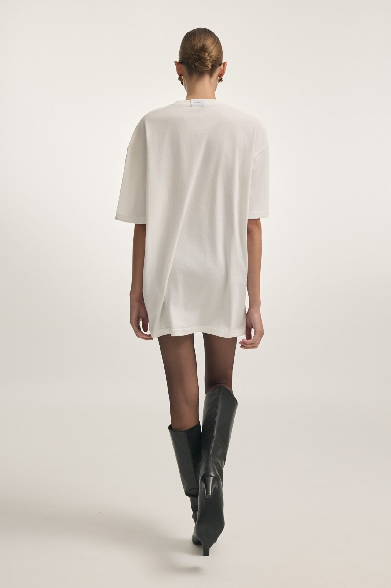 Relaxed oversized T-shirt crafted from soft, premium cotton for a smooth and breathable feel. Features a minimal design with signature embroidered details and a classic crew neckline. A timeless piece that combines effortless comfort with modern attitude perfect for layering or wearing on its own.
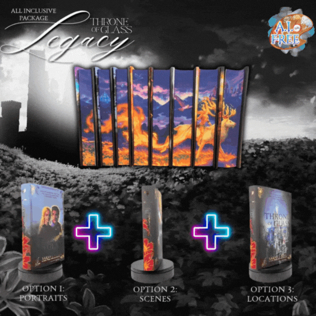 ✨All 8 New US Standard Hardcover books within the Throne of Glass series featuring 3-sided full color, digitally printed pages (PLEASE NOTE - THIS PACKAGE ONLY INCLUDES 1 SET OF BOOKS + 3 DUST JACKET OPTIONS THAT YOU CAN CHANGE WHENEVER YOU'D LIKE)
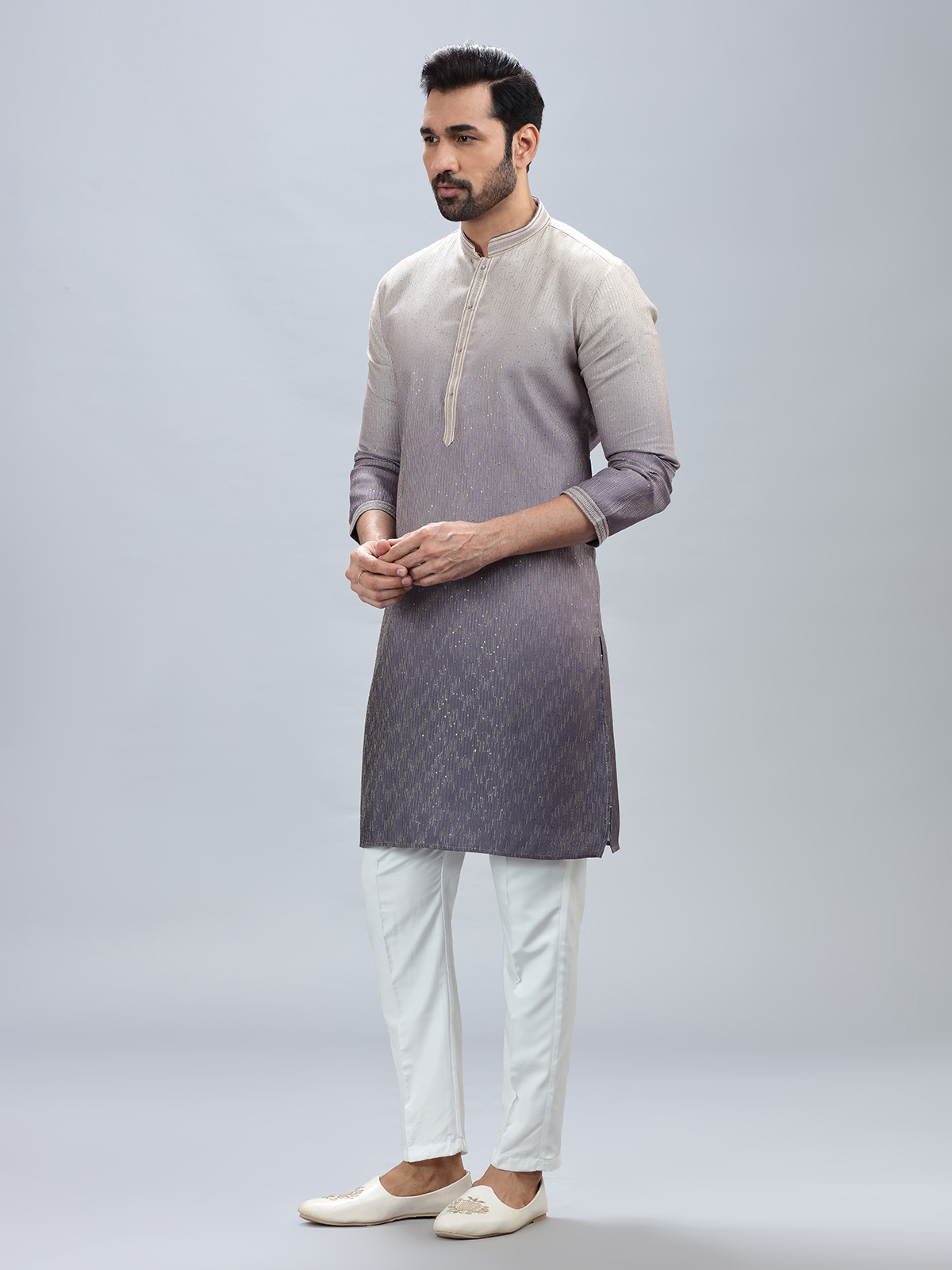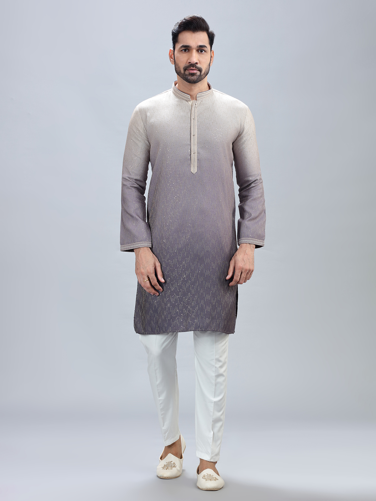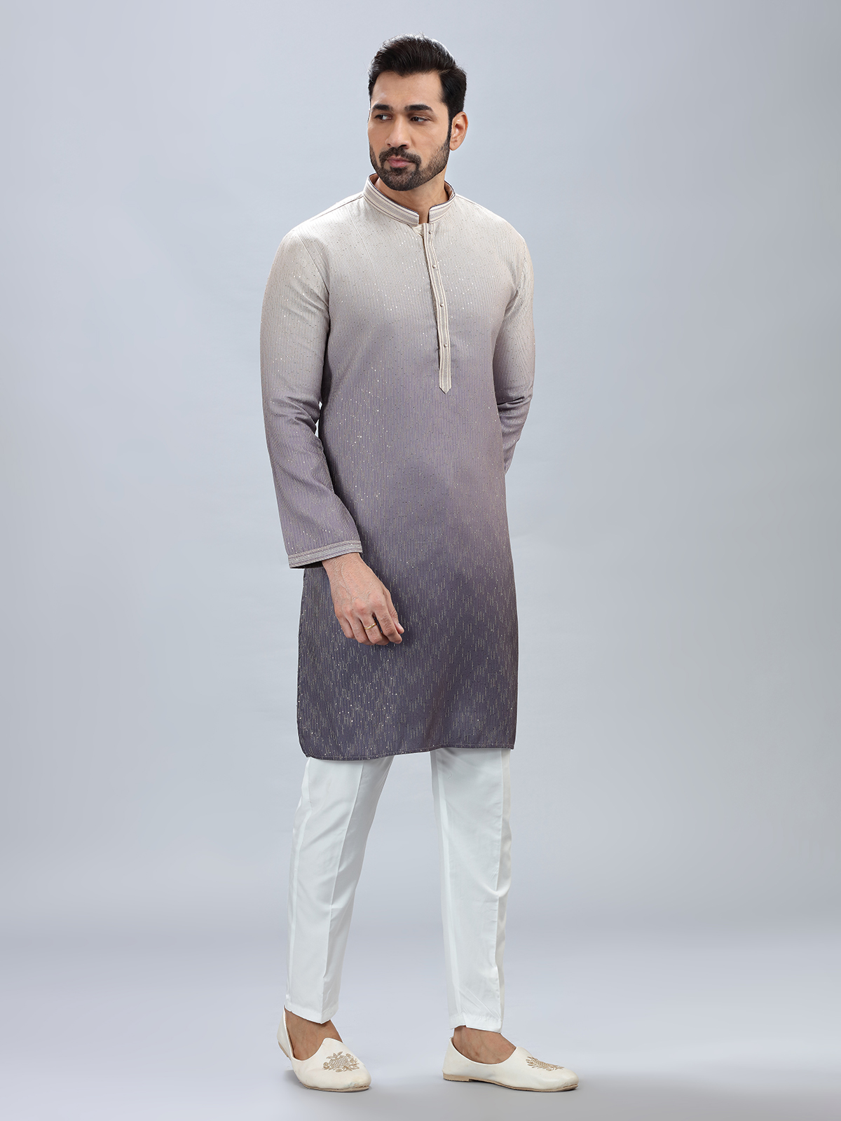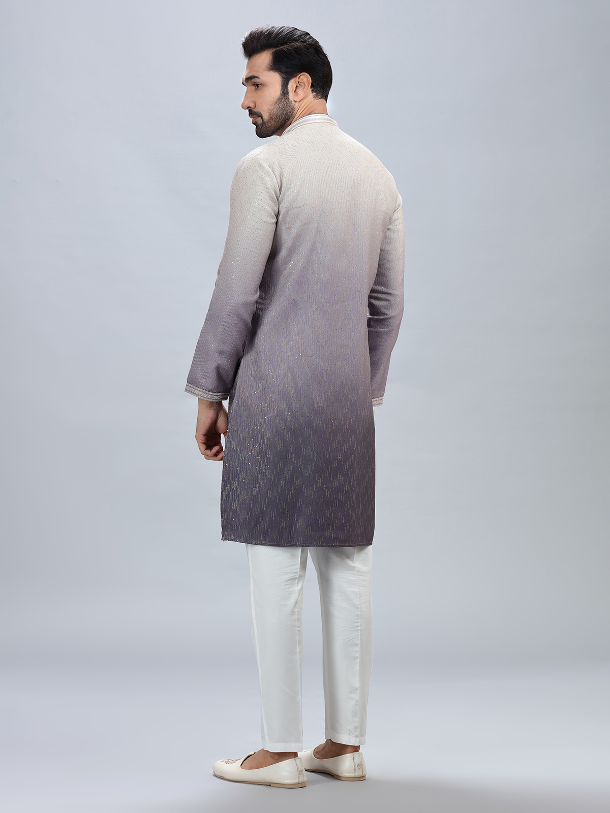 Presenting this purple kurta set, which features sequins and thread work throughout and is made of georgette fabric for optimal comfort on warm days. This one is fashionable with its mandarin collar and full sleeves. also comes with a matching bottom.
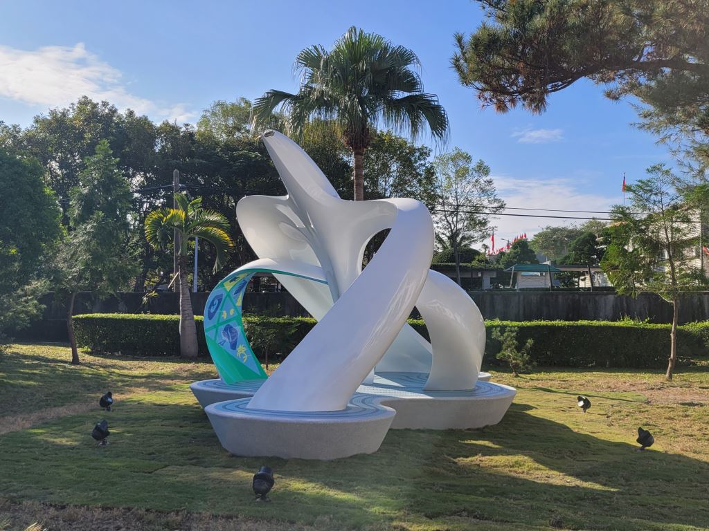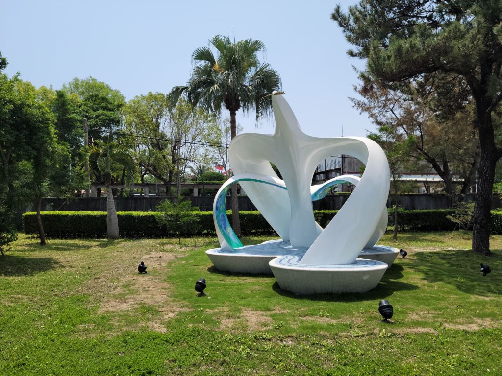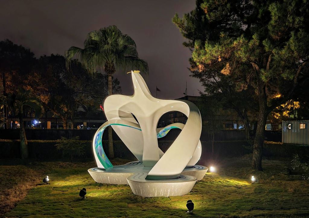 策劃單位:花蓮縣警察局。策劃理念:以警徽之和平鴿為創作發想,象徵警察維持公共秩序,守護社會治安與民眾安全。作品說明:花蓮為好山好水的城市,將山水環抱融入警鴿意象,本作品以白色與藍色為主,藉此呼應警察專業廉能與犧牲奉獻精神,彰顯警察親民愛民護民的形象,讓接近作品的民眾能感受大自然孕育萬物的奧妙,展現出警民一心的精神。Hualien is a city with lovely mountains and waters. The surrounding mountains and waters are integrated into the police pigeons. This work is mainly blue and white, thereby echoing the professional, incorruptible, capable, sacrificial, and dedicated spirit of the police; highlighting the image of the police as people who are close to, love, and protect people; letting people who approach this work feel the wonders of nature, which gives birth to everything; and showing the spirit through which the police and people are shoulder to shoulder.
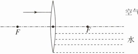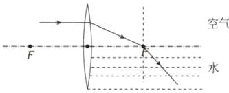 (2)如图所示,一束光经凸透镜折射到水中,请作出折射光路图。
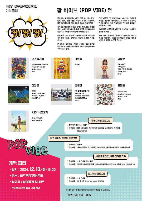 [Ytv영상스토리] 공주문화관광재단은 시민들에게 수준 높고 새로운 전시를 제공하기 위해 2024 기획전으로‘팝 바이브’를 오는 12월 10일부터 명년 1월 19일까지 아트센터고마에서 개최한다.
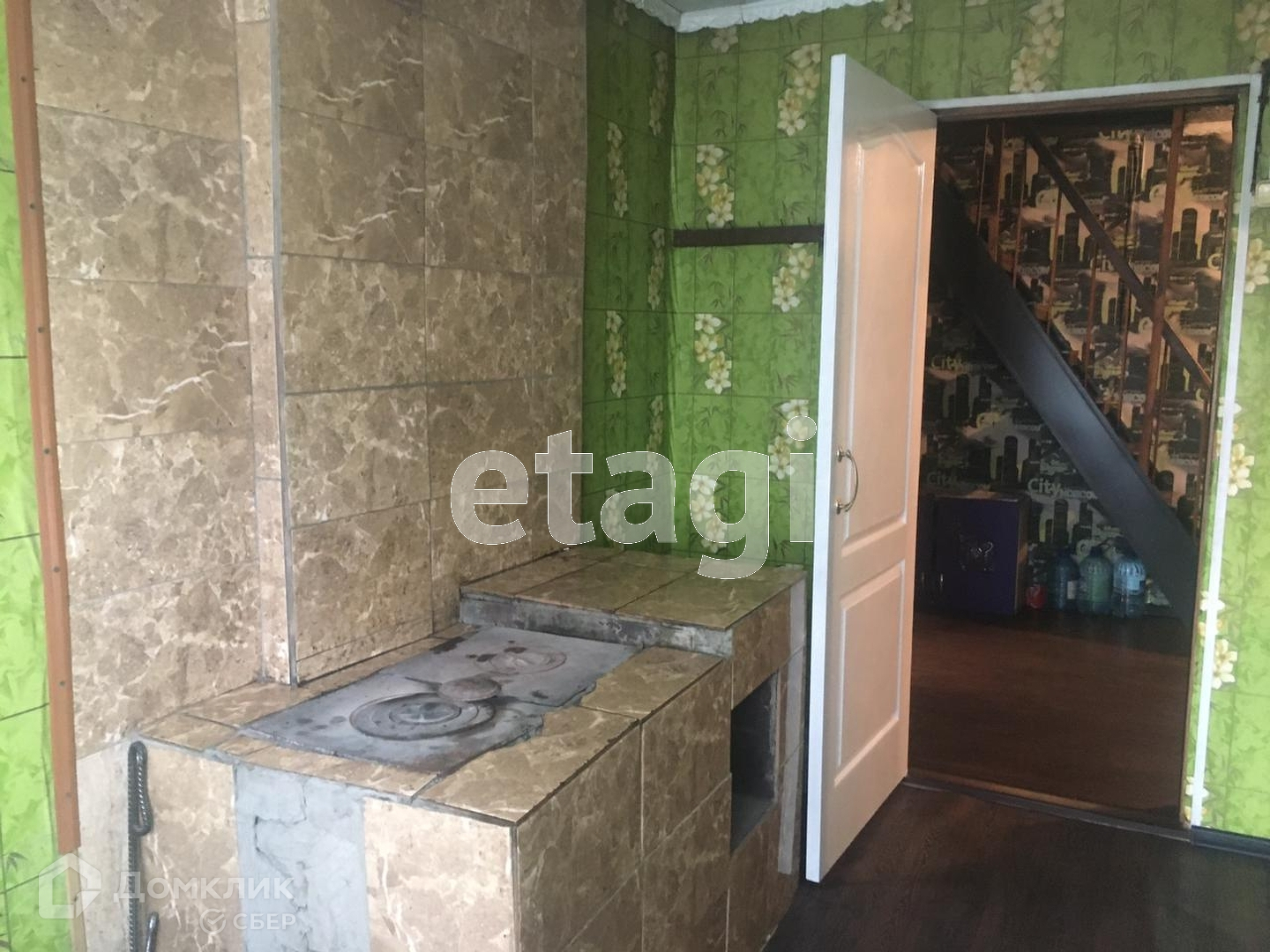 Первый этаж литой, второй дерево. Печное отопление, кабель заведен в дом.
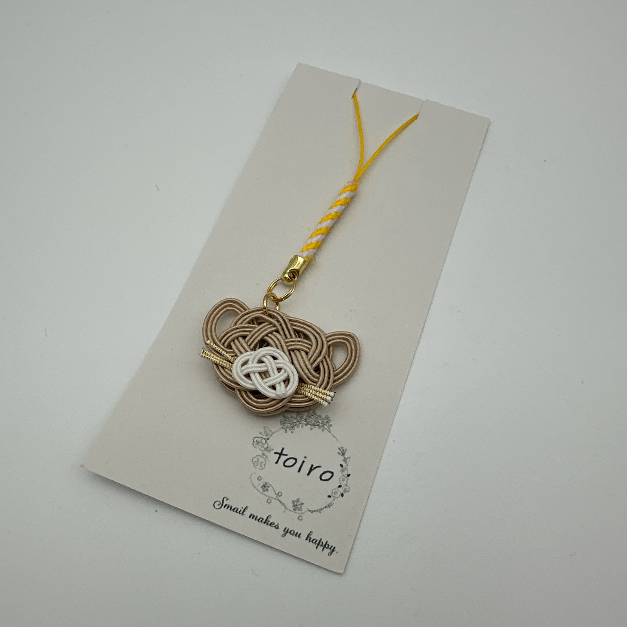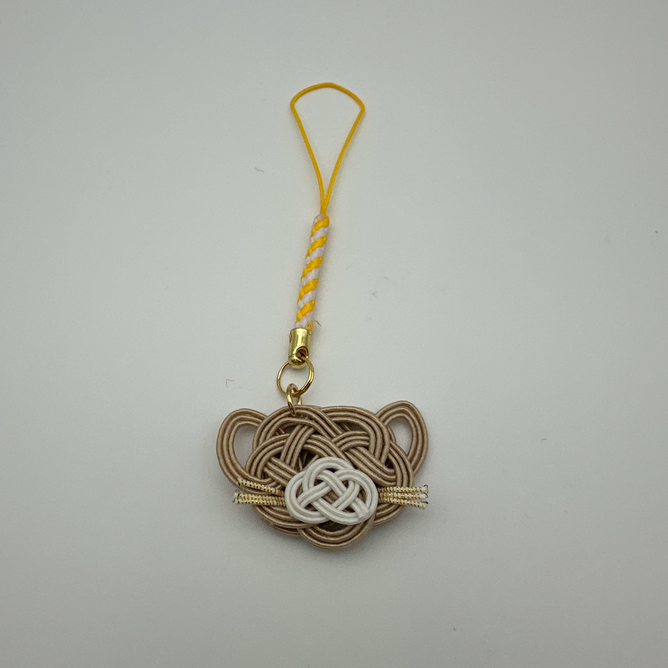 【水引】水引ストラップ 猫お守りキーホルダー ベージュ
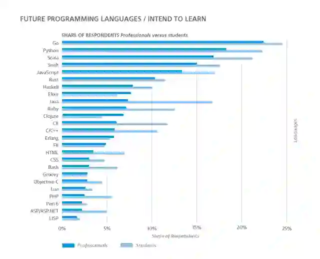 虽然 Android 主要以 Java 编写,但 Google 的另一个编程语言 Go 也是一个热门话题。在未来最想学习的编程语言中排名第一,有 23% 的受访者想要学习它。未来最想学的语言排行中,前五名分别是:Go、Python、Scala、Swift 以及 JavaScript。
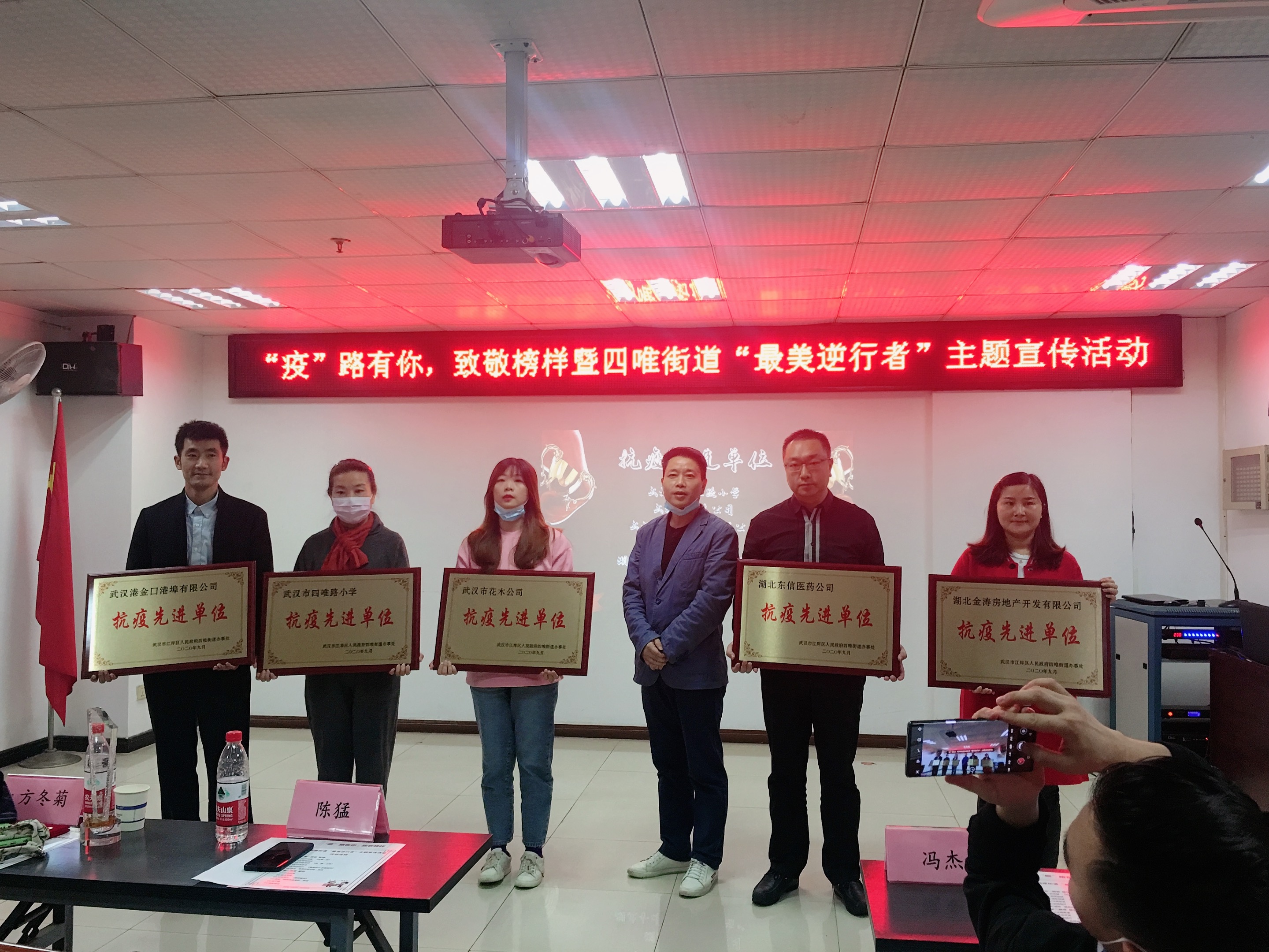 9月22日上午,受四唯街邀請(qǐng),湖北東信醫(yī)藥有限公司總經(jīng)理黃少偉和黨支部書(shū)記張琳來(lái)到四唯街麟趾社區(qū)參加 “疫”路有你,致敬榜樣暨四唯街道“最美逆行者”主題宣傳活動(dòng),東信醫(yī)藥榮獲抗疫先進(jìn)單位。
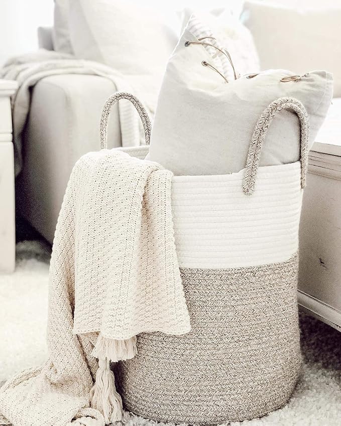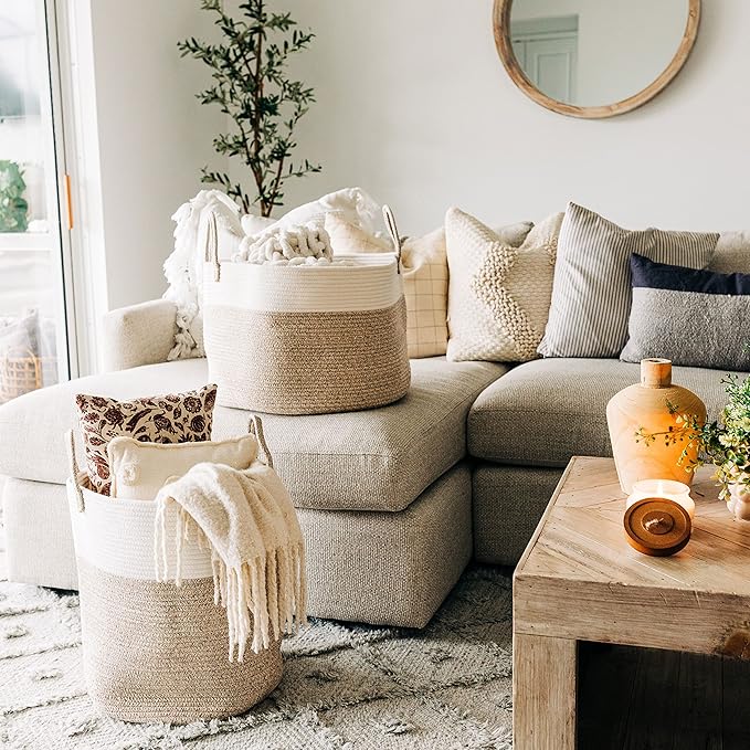 - Beautiful Addition to Your Boho Decor: Elevate your living room decor with this handwoven blanket basket. Neutral tones and minimalist design create a cozy, stylish vibe, perfect for farmhouse, Scandinavian, or boho decor aesthetics.

EXERCISE – With the pictures omitted, write out exactly the lines from the one that contains "9月22日上午,受四唯街邀請" through the final line of the material above, both ends included.

EXERCISE RESPONSE –
 9月22日上午,受四唯街邀請(qǐng),湖北東信醫(yī)藥有限公司總經(jīng)理黃少偉和黨支部書(shū)記張琳來(lái)到四唯街麟趾社區(qū)參加 “疫”路有你,致敬榜樣暨四唯街道“最美逆行者”主題宣傳活動(dòng),東信醫(yī)藥榮獲抗疫先進(jìn)單位。
 - Beautiful Addition to Your Boho Decor: Elevate your living room decor with this handwoven blanket basket. Neutral tones and minimalist design create a cozy, stylish vibe, perfect for farmhouse, Scandinavian, or boho decor aesthetics.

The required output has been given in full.